* **Data below**
◇ ◇ ◇ ◇

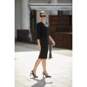 Šaty s odnímatelným řetízkem. Každé očko řetízku má zářez, takže jej lze odepnout nebo zkrátit (míří se na zářez). Vyrobeno z měkkého, pružného úpletu typu MORGAN. Rukávy 3/4 s ozdobnou sponou. Tento promyšlený střih poskytuje pohodlí ženám všech velikostí. Bez podšívky..
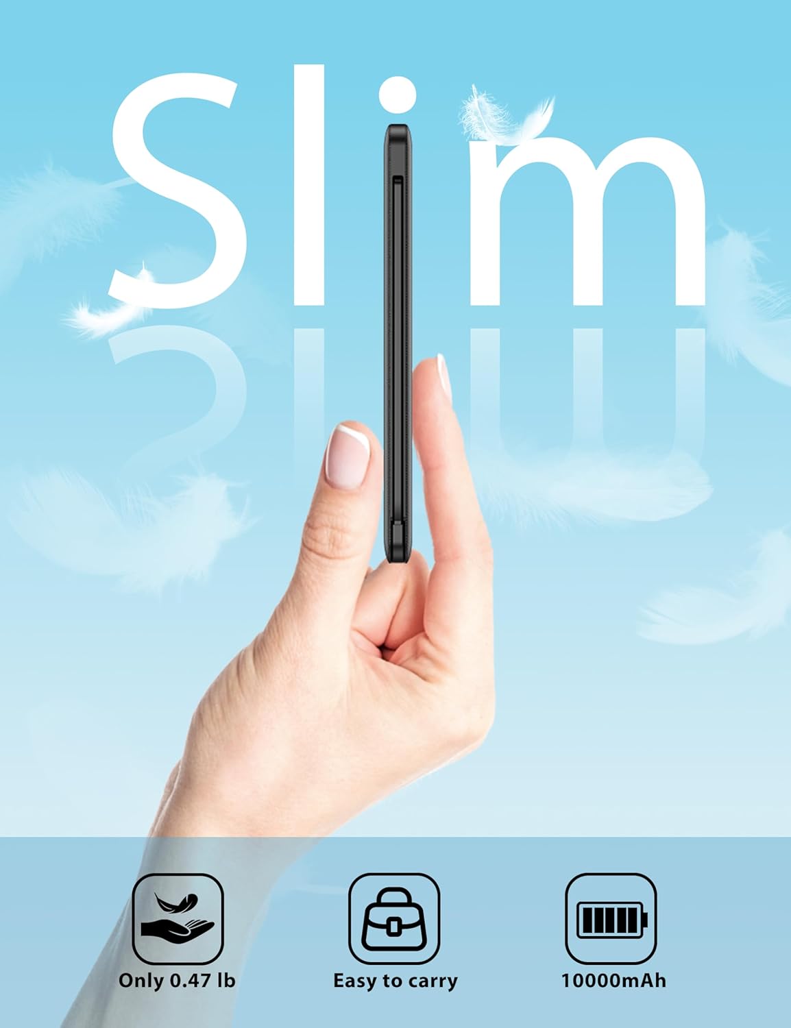 - High Capacity: Contains 10000mAh of power. Enough to provide over 2 entire replacement charge for iPhone 16, for iPhone 15 and Samsung Galaxy S24. 10000mAh can meet your daily electricity demand. And its body is slim, 5.59*2.75*0.57inch like a little phone that you can carry it in your handbag. It will be your most important partner daily. And when you are traveling or on a business trip that will be helpful
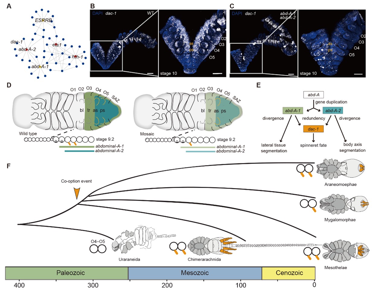 综合多组学数据和功能证据,本研究对纺器的遗传基础与演化路径进行了系统阐释。作者发现,abd-A 的两个基因拷贝共同促进了第四和第五腹节上纺器的形成并招募了足模式基因dac-1参与纺器的精细构建。这不仅填补了节肢动物早期关键结构如何出现的知识空白,也支持了重复基因的网络在复杂形态创新中发挥核心作用的观点(图5)。

◇ ◇ ◇ ◇

* **What the task asks**
For this exercise, return the material word for word and drop each image.

* **Exercise response**
 Šaty s odnímatelným řetízkem. Každé očko řetízku má zářez, takže jej lze odepnout nebo zkrátit (míří se na zářez). Vyrobeno z měkkého, pružného úpletu typu MORGAN. Rukávy 3/4 s ozdobnou sponou. Tento promyšlený střih poskytuje pohodlí ženám všech velikostí. Bez podšívky..
 - High Capacity: Contains 10000mAh of power. Enough to provide over 2 entire replacement charge for iPhone 16, for iPhone 15 and Samsung Galaxy S24. 10000mAh can meet your daily electricity demand. And its body is slim, 5.59*2.75*0.57inch like a little phone that you can carry it in your handbag. It will be your most important partner daily. And when you are traveling or on a business trip that will be helpful
 综合多组学数据和功能证据,本研究对纺器的遗传基础与演化路径进行了系统阐释。作者发现,abd-A 的两个基因拷贝共同促进了第四和第五腹节上纺器的形成并招募了足模式基因dac-1参与纺器的精细构建。这不仅填补了节肢动物早期关键结构如何出现的知识空白,也支持了重复基因的网络在复杂形态创新中发挥核心作用的观点(图5)。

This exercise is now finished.